= Roy A. Vitousek =

American politician

Royal "Roy" Arnold Vitousek, (May 6, 1890 – April 3, 1947) — was a member of the Hawaii Territorial House of Representatives from 1922 to 1944. He was Speaker of the House from 1931–1932, 1935–1940, and 1943-1944.

==Personal life==
Vitousek was born in Sissons, CA to Frank and Luella (Arnold) Vitousek. He attended public schools in Healdsburg, CA and graduated from the University of California, Berkeley in 1912. While in college, he was a member of the Pirates' Club and lettered in track. When the Pirates' Club became a chapter of Sigma Pi fraternity the year after his graduation he was one of the first alumni to be initiated into the national organization.

After college he became the city clerk of Healdsburg and had a law practice on the side.
He married his wife, the former Juanita Judy, in 1914 and moved to Hawaii in 1917. From 1919 to 1921 he was the city and county attorney for Honolulu He also coached a high school track team in his spare time.

During this time he became a partner in the law firm of Stanley, Vitousek, Pratt, & Winn.

==Politics==

Vitousek was elected as a Republican to the Hawaii Territorial House of Representatives from 1922-1944. During that time he served as Speaker of the House three times.

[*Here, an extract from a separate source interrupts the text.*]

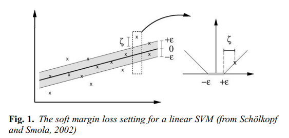 학습데이터 $(x_i, y_i), i=1, \ldots, n$이 있다고 하자. $x_i\in X, y_i \in \mathbb{R}$이다. Vapnik이 1995년에 제안한 $\epsilon$-SV에서의 목표는 모든 학습 데이터에 대하여 잔차가 기껏해야 $\epsilon$인 함수 $f$중에선 최대한 평평한 평면을 찾는다. $f$의 형태는 다음과 같다.

He was a delegate to the 1940 Republican National Convention for the territory where he was a member of the Resolutions Committee. He also served as the Hawaii Territory Republican Party chair from 1944 until his death.

While in office he worked as Chairman of the Commission on Crime was highly praised. He worked continuously for the cause of Hawaii statehood and sponsored important legislation in the areas of civil service, labor relations, police organization, workmen's compensation, unemployment compensation, and public welfare.

==Pearl Harbor attack==

Vitousek was caught in the air on a joy ride with his seventeen-year-old son, Martin, during the attack on Pearl Harbor. He was flying an Aeronica when a passing Japanese fighter plane took a shot at them. After about ten minutes of trying to avoid Japanese aircraft they were able to land at John Rodgers Airport amid exploding bombs. Once on the ground they found a dead man (Robert Tyce) and two passenger planes that had been shot up.

The Vitouseks were fortunate. Of the eight civilian pilots in the air that day, three were shot down of which two died. One was forced to bail out. Two landed safely. Two pilots went missing and are presumed dead.

After the attack was over, Vitousek was sworn in as an assistant police captain to help organize the city.

==Family==
Vitousek's wife, Juanita was a painter best known for her watercolors. They had three children: Frederica Vitousek Carah; Roy A. Vitousek Jr., an attorney; and Martin Judy Vitousek, a geophysicist and researcher.
Two of their grandsons are Roy (Randy) Vitousek III and Peter Vitousek.

Vitousek died suddenly on April 3, 1947 from coronary thrombosis.